Top of DATASET RECORDS
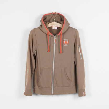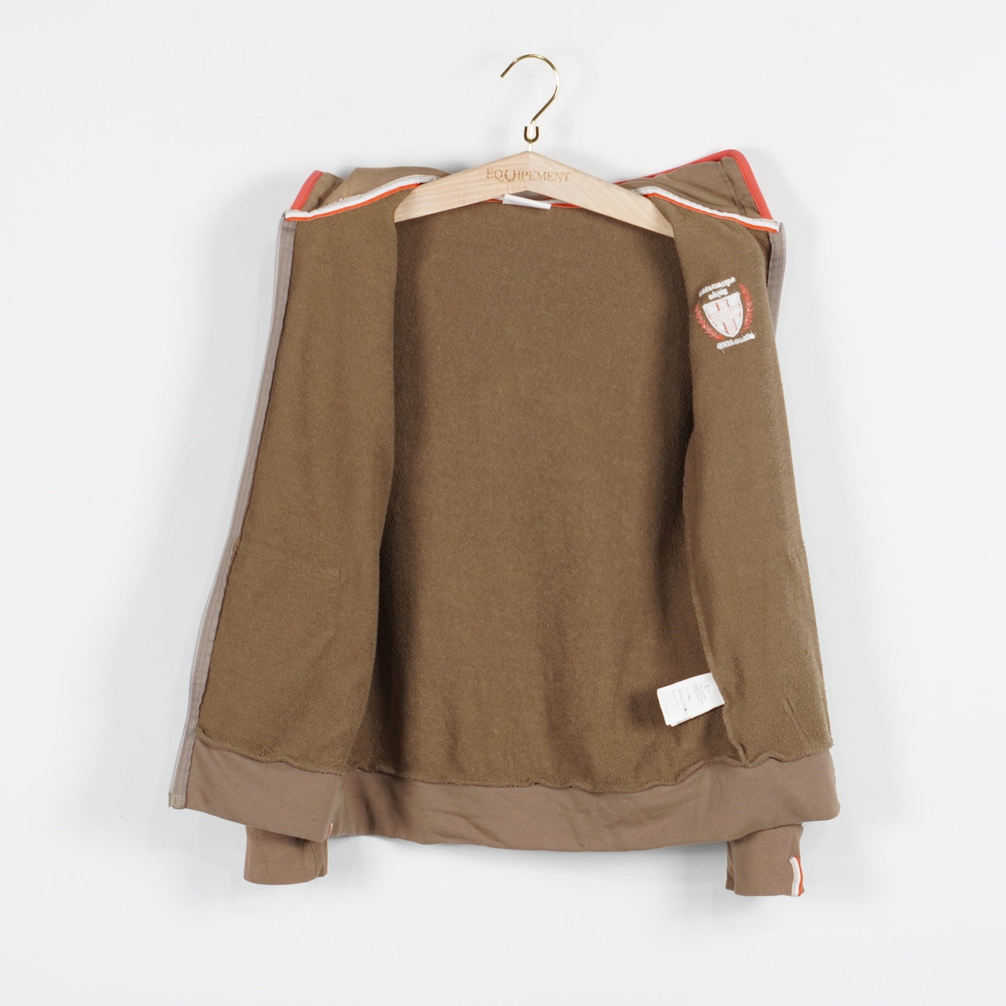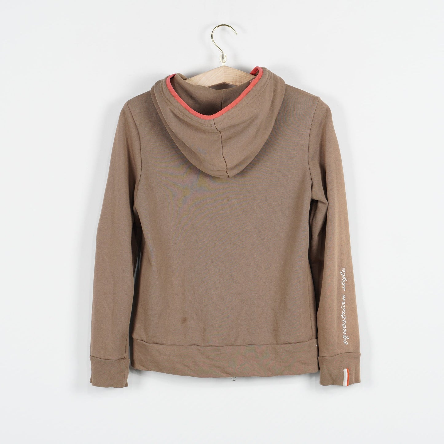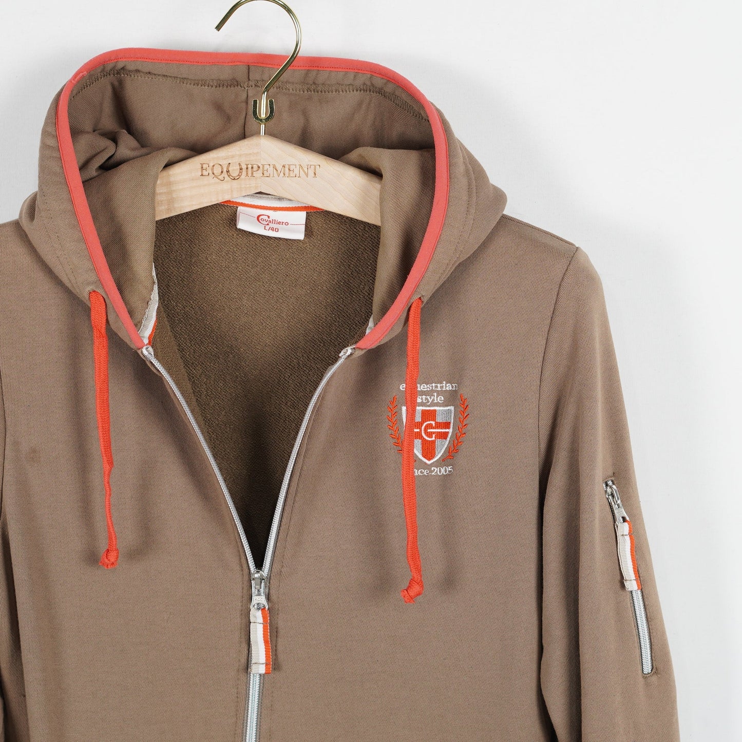 Zip-tröja med luva från Covalliero. Tröjan är i ett tydligt använt skick och har tappat sin form något samt blivit blekt. Men hel och funktionell. (Färgen är mer grågrön än vad som visas på bilden).
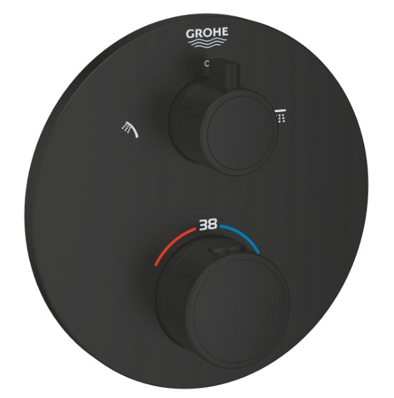 Этот матово-черный термостатический смеситель для душа GROHE Grohtherm станет идеальным завершающим элементом для вашего душа, позволяя вам легко переключаться между верхним и ручным душем. Легко управляйте потоком с помощью простого действия GROHE AquaDimmer, которое позволяет вам легко направлять воду туда, куда вы хотите, одновременно регулируя ее напор. Тактильный дизайн приглашает вас взаимодействовать с интуитивно понятными элементами управления, а круглая форма и тонкий профиль (настенная пластина 10 мм, общая проекция 43 мм) идеально подходят для минималистичных схем. Этот шикарный термостат изготовлен в Германии и оснащен инновационными технологиями! GROHE TurboStat обеспечивает постоянную подачу воды идеальной температуры. Он также подходит для всей семьи, так как кнопка отключения GROHE SafeStop установлена на 38 C, поэтому ожоги остались в прошлом. А дополнительный ограничитель температуры GROHE SafeStop Plus позволяет вам добавить дополнительный предел в 43 C для дополнительного уровня безопасности.
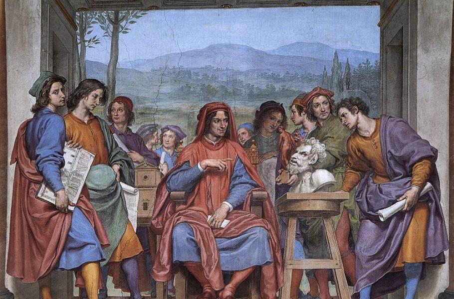 Lorenzo řečený Nádherný, obklopen umělci v sochařské dílně, se setkává s Michelangelem. (ilustrace: Wikimedia Commons, Ottavio Vannini, CC0)
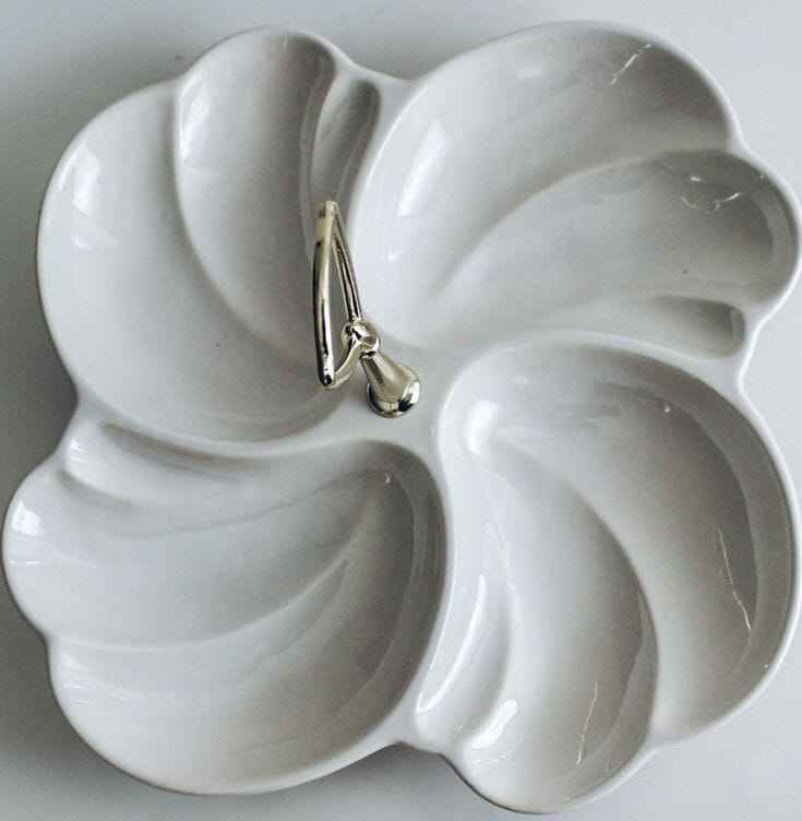 Luxury Flower Shape 4 Compartment Ceramic Storage Tray White Color Stylish Home Kitchenware Accessories Food Dry Fruit Organizer
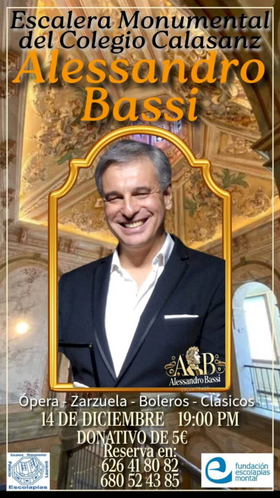 Tras el éxito de su actuación del pasado 4 de octubre, el reconocido tenor italiano Alessandro Bassi volverá a emocionar al público complutense con un nuevo concierto el próximo 14 de diciembre, a las 19:00 horas, en un escenario tan singular como histórico: la Escalera Monumental del Colegio Calasanz de las MM. Escolapias, obra del arquitecto Alberto de Churriguera, situada en la calle Santiago, 29.
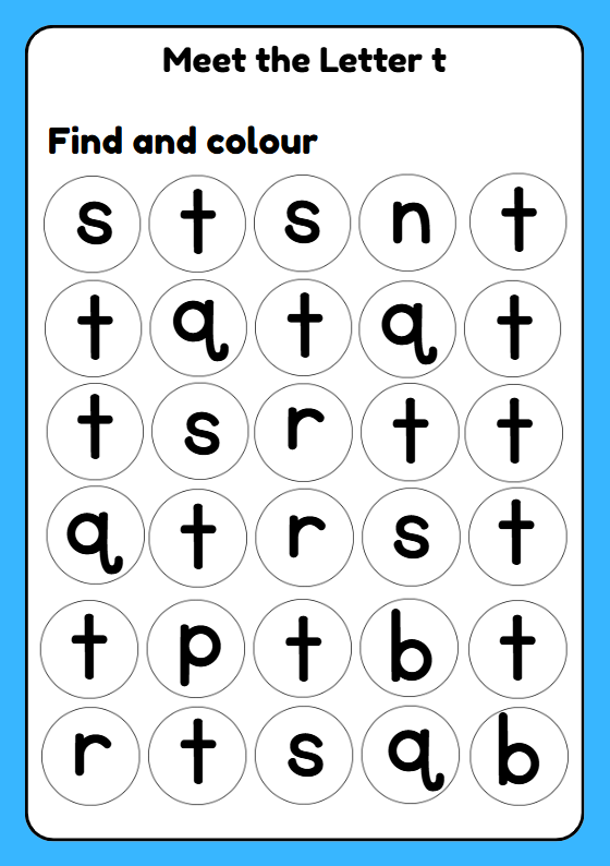 Fun Early Years letter formation worksheet focusing on the letter T. Designed for Reception children aged 4–5, this phonics resource includes tracing, colouring, and sound recognition to support early writing skills.
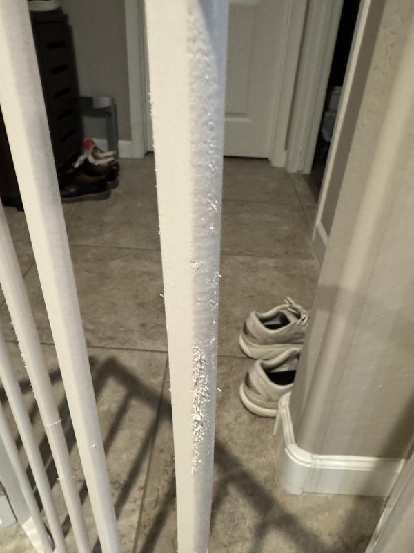 The gate is very poorly made. The wood hasn’t been sanded in areas, and the wood is cracked in spots. It looks like there was one coat of paint applied so you can
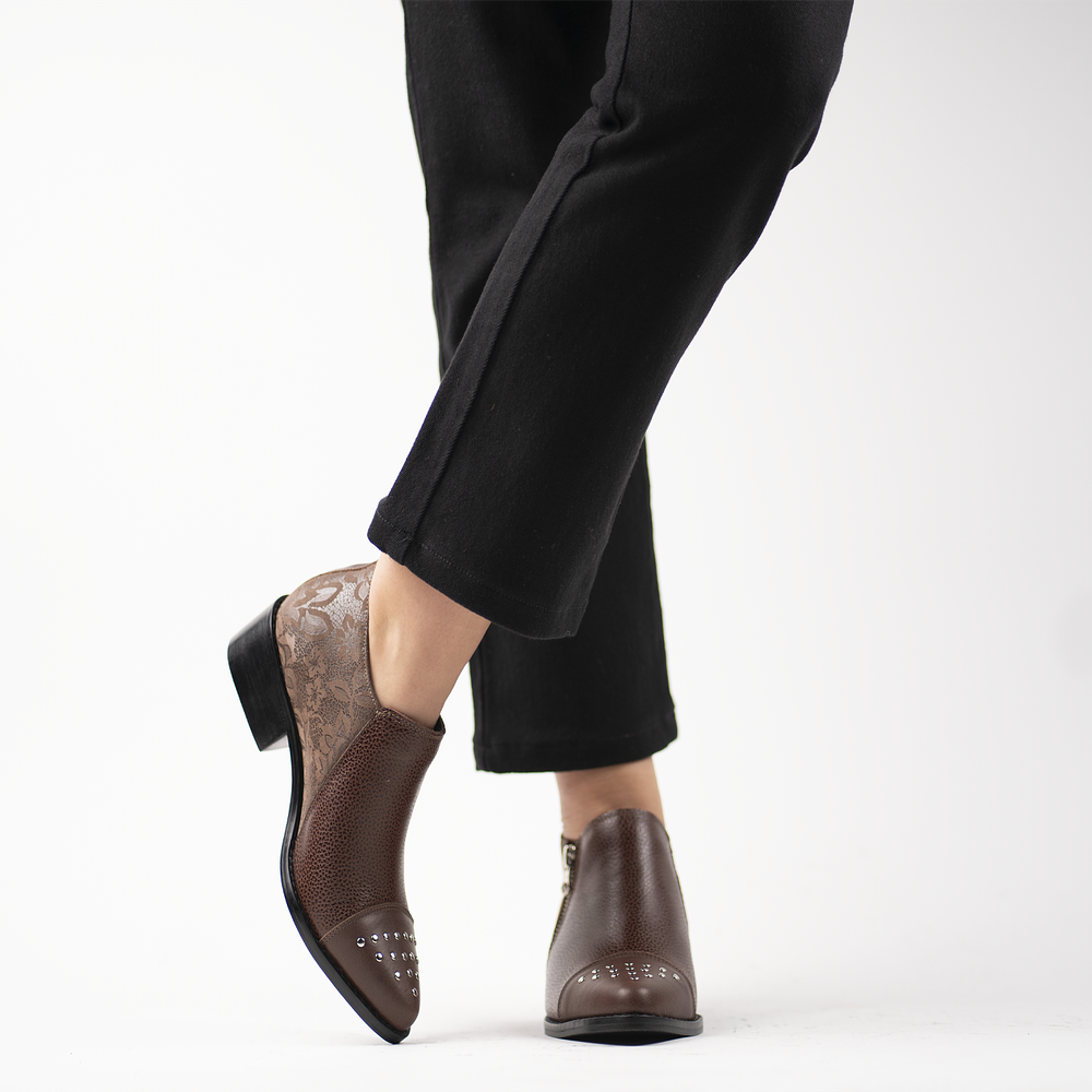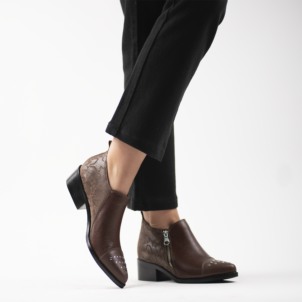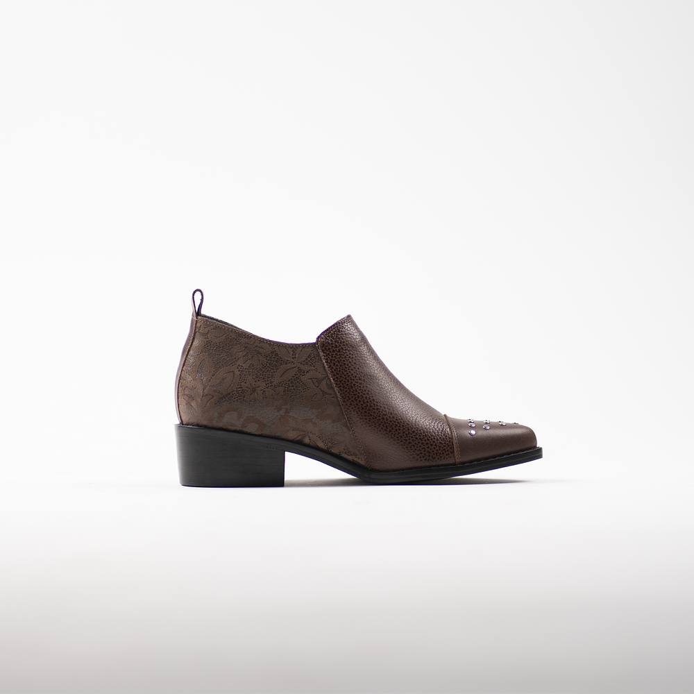 Nuestro botines hechos a mano color café mocha es 100% de Cuero y Chileno. Media del Taco 3,5 cm.
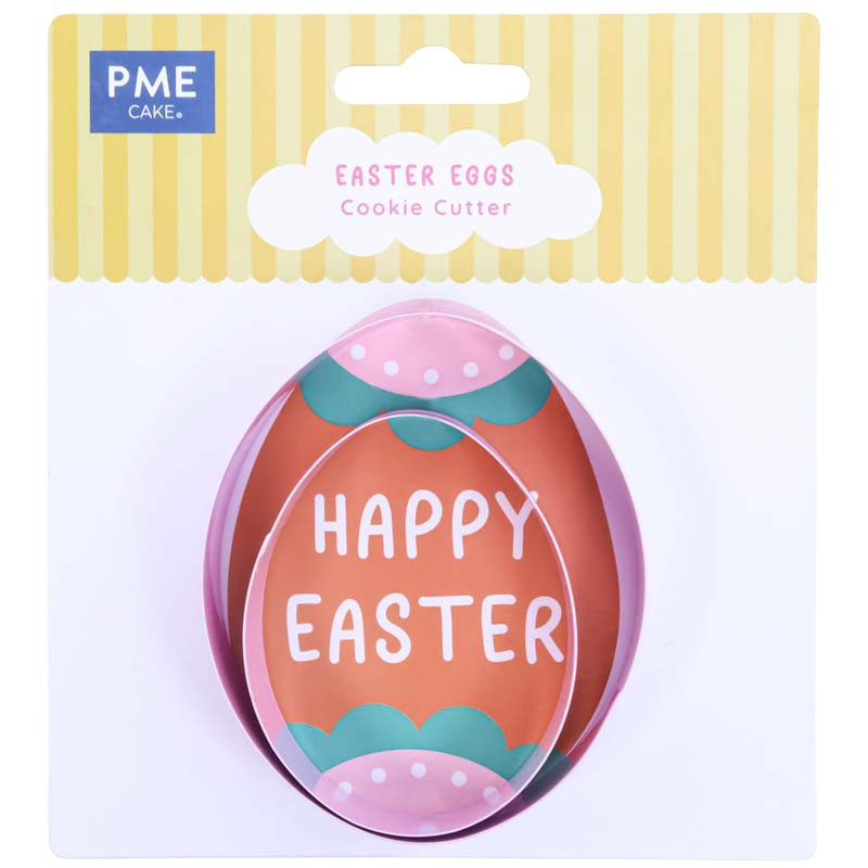 Ge dina påskbakverk ett lekfullt utseende med äggformade utstickare från PME i två storlekar. Perfekta för att skära ut jämna och tydliga äggformer i kakdeg, marsipan eller sockerpasta. Tillverkade i slitstarkt plastmaterial som ger rena snitt och gör bakningen både enkel och rolig. Ett måste för påskens alla godsaker! Motiv: Ägg Antal: 2 stycken Storlekar: 8,9 x 6,5 cm och 6,8 x 5 cm Material: Livsmedelssäker plast
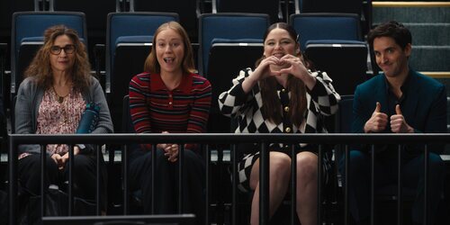 Paul W. Downs, Megan Stalter, Michaela Watkins y Hannah Einbinder aparecen en una escena promocional del capítulo 4x05 de la serie 'Hacks'.
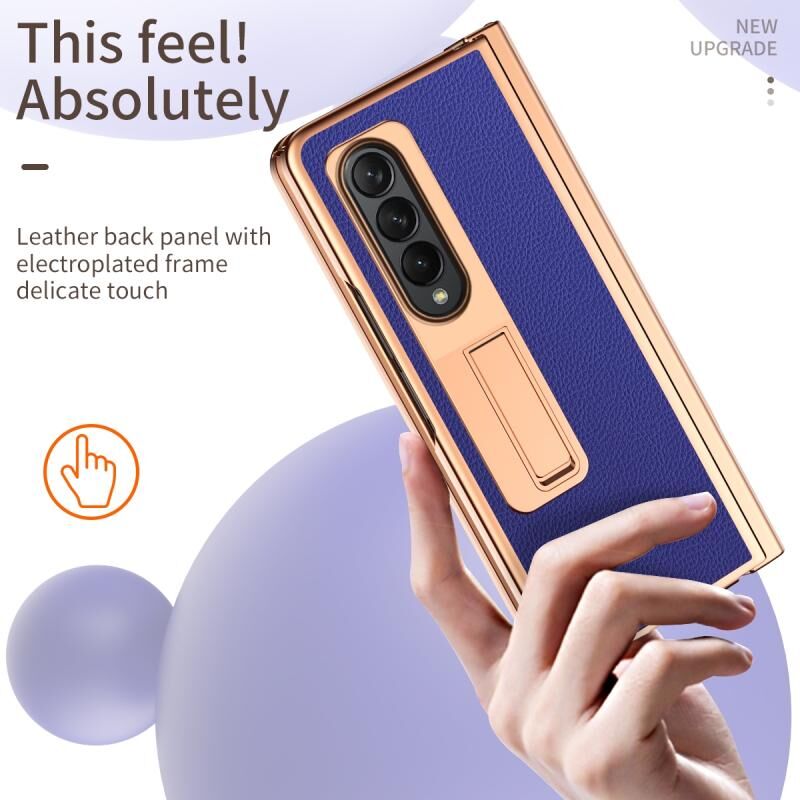 Για το Samsung Galaxy Z Fold4 Litchi Υφή δέρμα αρθρωτό Electroplated υπόθεση τηλεφώνου με στυλό (μπλε)
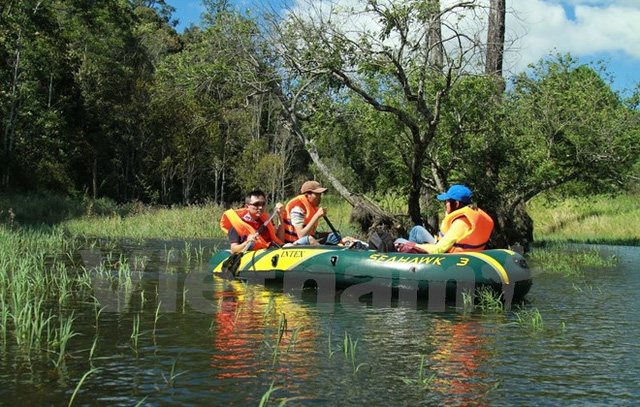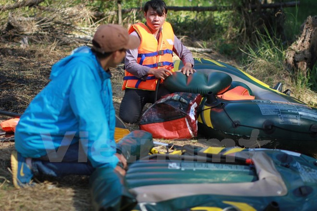 Muốn đến rừng phong, chúng tôi phải chèo thuyền cao su khoảng hơn 1km. (Ảnh: Xuân Mai/Vietnam+)
Bottom of DATASET RECORDS
## WORK TO COMPLETE
Pictures don't belong in the copy. Retype exactly the lines from the one with "Luxury Flower Shape" through the last line of the records.

## SOLUTION TO THIS EXERCISE
 Luxury Flower Shape 4 Compartment Ceramic Storage Tray White Color Stylish Home Kitchenware Accessories Food Dry Fruit Organizer
 Tras el éxito de su actuación del pasado 4 de octubre, el reconocido tenor italiano Alessandro Bassi volverá a emocionar al público complutense con un nuevo concierto el próximo 14 de diciembre, a las 19:00 horas, en un escenario tan singular como histórico: la Escalera Monumental del Colegio Calasanz de las MM. Escolapias, obra del arquitecto Alberto de Churriguera, situada en la calle Santiago, 29.
 Fun Early Years letter formation worksheet focusing on the letter T. Designed for Reception children aged 4–5, this phonics resource includes tracing, colouring, and sound recognition to support early writing skills.
 The gate is very poorly made. The wood hasn’t been sanded in areas, and the wood is cracked in spots. It looks like there was one coat of paint applied so you can
 Nuestro botines hechos a mano color café mocha es 100% de Cuero y Chileno. Media del Taco 3,5 cm.
 Ge dina påskbakverk ett lekfullt utseende med äggformade utstickare från PME i två storlekar. Perfekta för att skära ut jämna och tydliga äggformer i kakdeg, marsipan eller sockerpasta. Tillverkade i slitstarkt plastmaterial som ger rena snitt och gör bakningen både enkel och rolig. Ett måste för påskens alla godsaker! Motiv: Ägg Antal: 2 stycken Storlekar: 8,9 x 6,5 cm och 6,8 x 5 cm Material: Livsmedelssäker plast
 Paul W. Downs, Megan Stalter, Michaela Watkins y Hannah Einbinder aparecen en una escena promocional del capítulo 4x05 de la serie 'Hacks'.
 Για το Samsung Galaxy Z Fold4 Litchi Υφή δέρμα αρθρωτό Electroplated υπόθεση τηλεφώνου με στυλό (μπλε)
 Muốn đến rừng phong, chúng tôi phải chèo thuyền cao su khoảng hơn 1km. (Ảnh: Xuân Mai/Vietnam+)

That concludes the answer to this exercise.